I have no dog in the race in terms of what trees there are but if you take them down it'll be invasive South American pepper trees or mustard grass. As long as it's used and sequestering carbon it's all gravy.
The specific peaches referred to in this story are "Cling peaches", which can only be canned, they aren't sold fresh. But modern supply chains mean fresh peaches of other varieties are easily available, which has reduced the demand for canned.
They'll probably replace the trees with almonds, pistachios, and walnuts.
> Del Monte was killed by COVID. Canned food sales spiked and they thought that would last, but it didn't.

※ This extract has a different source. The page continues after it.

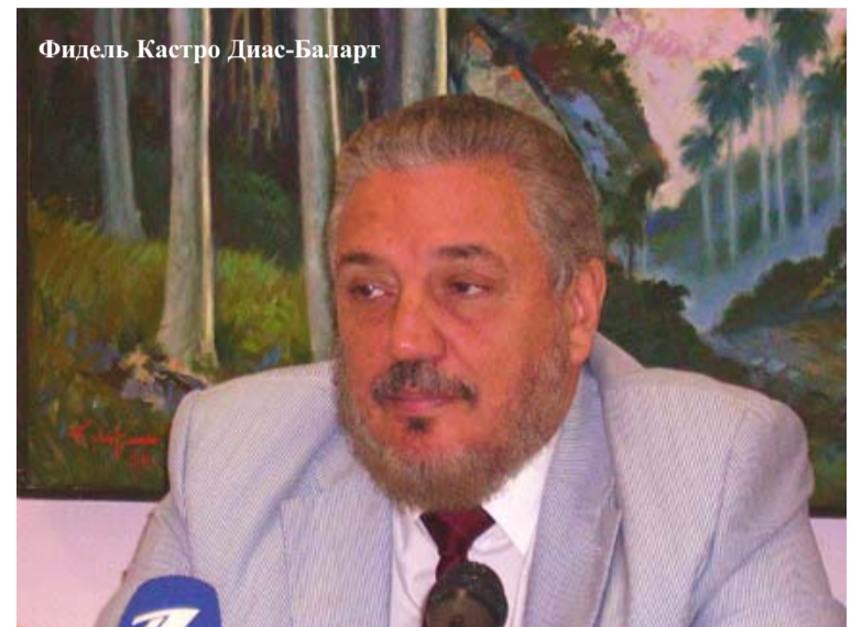
Фидель Кастро Диас-Баларт

вителями науки и образования в Курчатевском институте, в Московском государственном университете. По случайному совпадению в одном из российских университетов было принято решение о вручении степени почетного доктора лидеру Кубинской революции Фиделю Кастро Рус. Мне выпала привилегия получить от его имени эту почетную степень.

Why can’t they reduce to their former size? It seems the California plants had been around long before Covid
If anything would have been profitable spun off, it would have been spun off in the bankruptcy.

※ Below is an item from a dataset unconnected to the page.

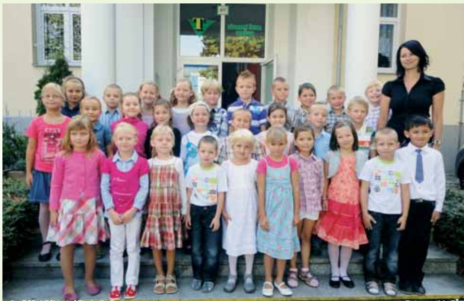
Prvňáčci Základní školy Tyršova

Won't they at least sell the fruit to customers through grocery stores, where possible? I can see replacing the crops based on reduced future demand from the canneries, but surely the current fruit is usable.
“The works of the roots of the vines, of the trees, must be destroyed to keep up the price, and this is the saddest, bitterest thing of all. Carloads of oranges dumped on the ground. The people came for miles to take the fruit, but this could not be. How would they buy oranges at twenty cents a dozen if they could drive out and pick them up? And men with hoses squirt kerosene on the oranges, and they are angry at the crime, angry at the people who have come to take the fruit. A million people hungry, needing the fruit- and kerosene sprayed over the golden mountains. And the smell of rot fills the country. Burn coffee for fuel in the ships. Burn corn to keep warm, it makes a hot fire. Dump potatoes in the rivers and place guards along the banks to keep the hungry people from fishing them out. Slaughter the pigs and bury them, and let the putrescence drip down into the earth.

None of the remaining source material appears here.